◆ **MATERIALS PROVIDED**

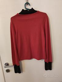 Maglia rossa a maniche lunghe con dettagli neri. Taglia: M. Città: Bologna. - Girocollo nero. - Polsini neri.
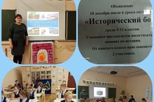 В рамках недели истории и обществознания среди учащимся 5-11 классов прошёл "Исторический бой". Учащиеся показали свои знания по всеобщей истории и истории России.
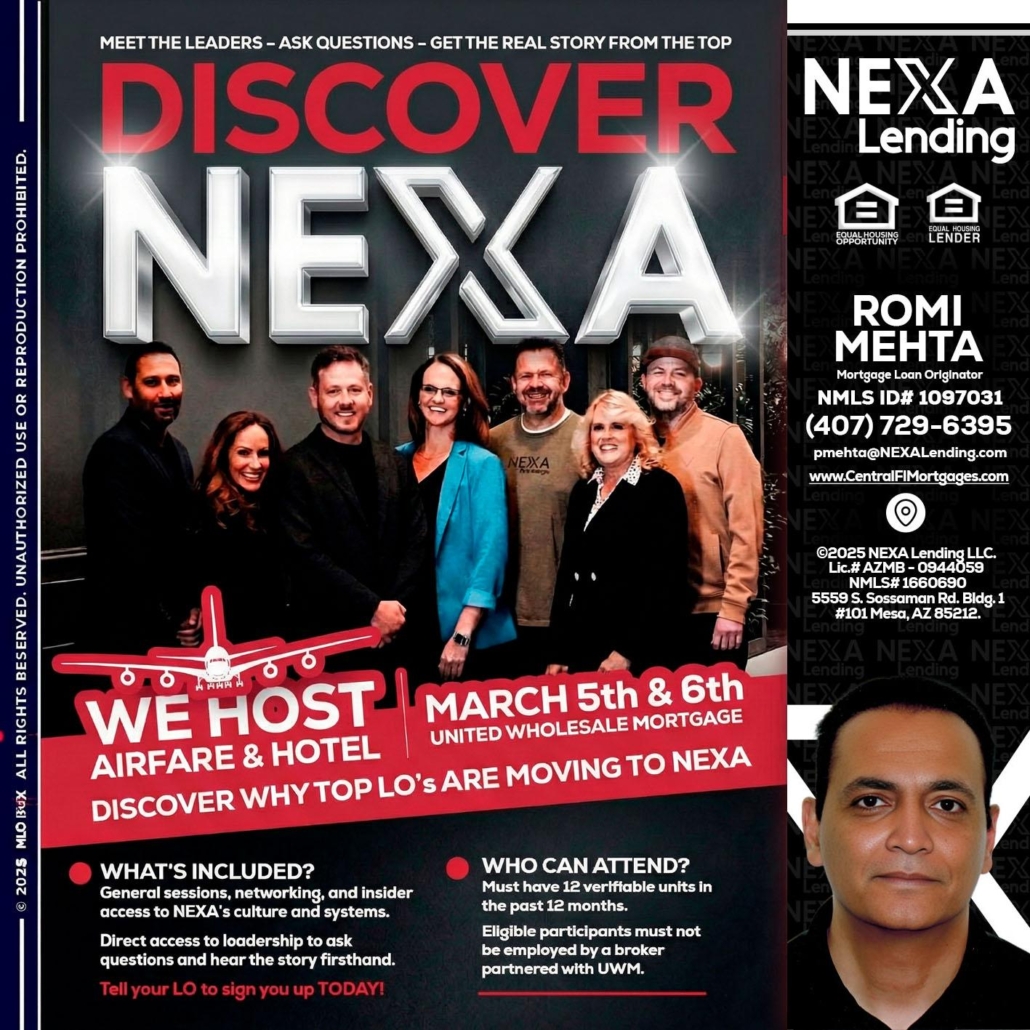 Hi, my name is Romi Mehta. I’m a Loan Officer with NEXA Lending LLC., offering personalized mortgage solutions, fast customized quotes, great rates and service with integrity.
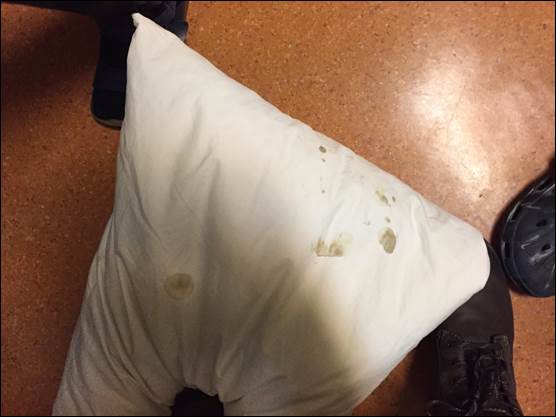 Vollkommen verschmutzes Bettzeug mit Spuren von Blut und Erbrochenem |
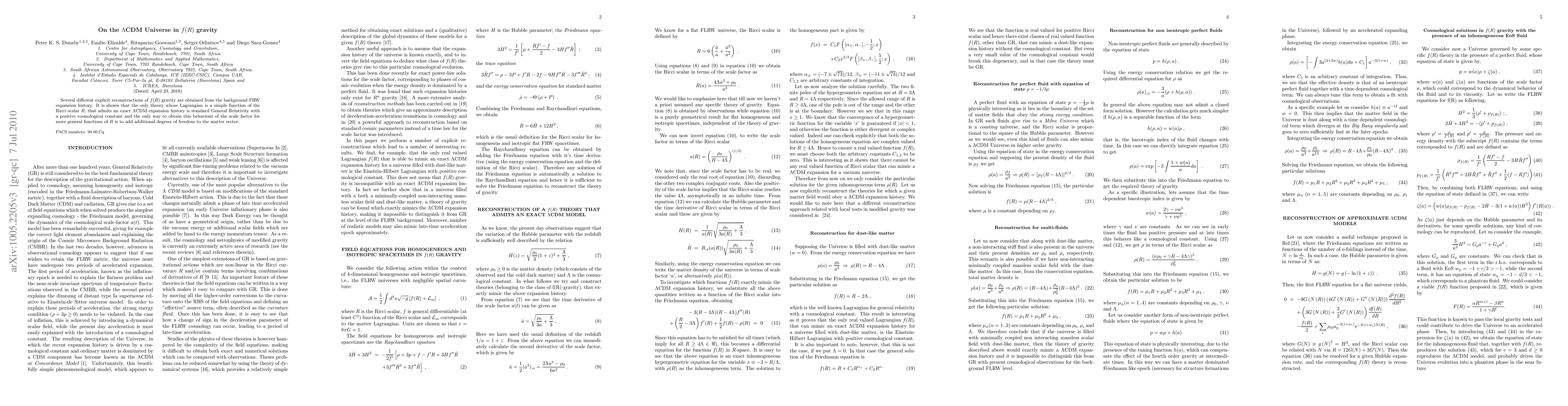 Several different explicit reconstructions of f(R) gravity are obtained from the background FRW expansion history. It is shown that the only theory whose Lagrangian is a simple function of the Ricci scalar R, that admits an exact LCDM expansion history is standard General Relativity with a positive cosmological constant and the only way to obtain this behaviour of the scale factor for more general functions of R is to add additional degrees of freedom to the matter sector.
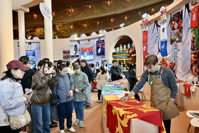非遗周的互动区更是文明交融的现场:巴西卡波耶拉传承人邀观众共舞,安哥拉艺人演奏传统乐器并现场教观众敲击节奏,格鲁吉亚传统印染体验区始终排着长队,匈牙利布索面具展台前观众争相佩戴各式面具拍照留念。一位埃及参展代表赞叹:“非遗周非常成功,我们希望再来!”
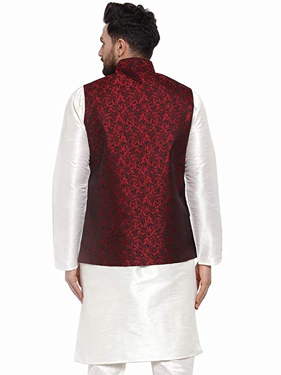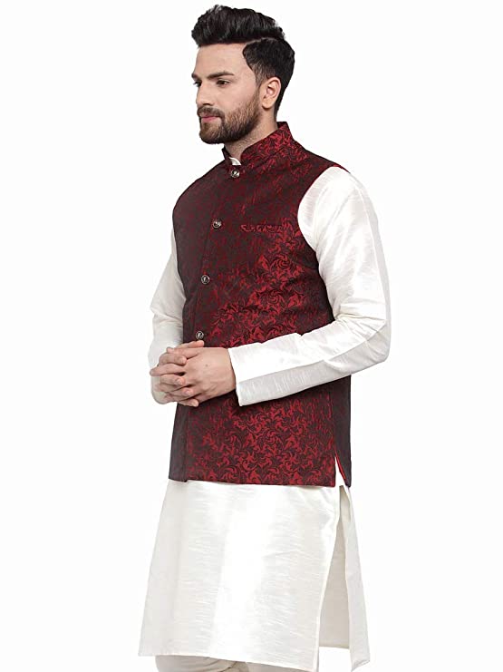 Look your ethnic best by wearing this Nehru jacket from Jompers, which has been designed keeping the latest trends in mind. Tailored from fine quality fabric and fashioned with a banded collar for a dash of style. This Nehru jacket is comfortable to wear and easy to maintain. Layer it over any outfit for a contemporary look. It is a great addition to your wardrobe and will win you compliments from one and all.

◆ **TASK GOAL**
Leaving out every picture, repeat exactly the lines of the records from the start through the line that has "非遗周的互动区更是文明交融的".

◆ **ANSWER TO THIS PROBLEM**
 Maglia rossa a maniche lunghe con dettagli neri. Taglia: M. Città: Bologna. - Girocollo nero. - Polsini neri.
 В рамках недели истории и обществознания среди учащимся 5-11 классов прошёл "Исторический бой". Учащиеся показали свои знания по всеобщей истории и истории России.
 Hi, my name is Romi Mehta. I’m a Loan Officer with NEXA Lending LLC., offering personalized mortgage solutions, fast customized quotes, great rates and service with integrity.
 Vollkommen verschmutzes Bettzeug mit Spuren von Blut und Erbrochenem |
 Several different explicit reconstructions of f(R) gravity are obtained from the background FRW expansion history. It is shown that the only theory whose Lagrangian is a simple function of the Ricci scalar R, that admits an exact LCDM expansion history is standard General Relativity with a positive cosmological constant and the only way to obtain this behaviour of the scale factor for more general functions of R is to add additional degrees of freedom to the matter sector.
非遗周的互动区更是文明交融的现场:巴西卡波耶拉传承人邀观众共舞,安哥拉艺人演奏传统乐器并现场教观众敲击节奏,格鲁吉亚传统印染体验区始终排着长队,匈牙利布索面具展台前观众争相佩戴各式面具拍照留念。一位埃及参展代表赞叹:“非遗周非常成功,我们希望再来!”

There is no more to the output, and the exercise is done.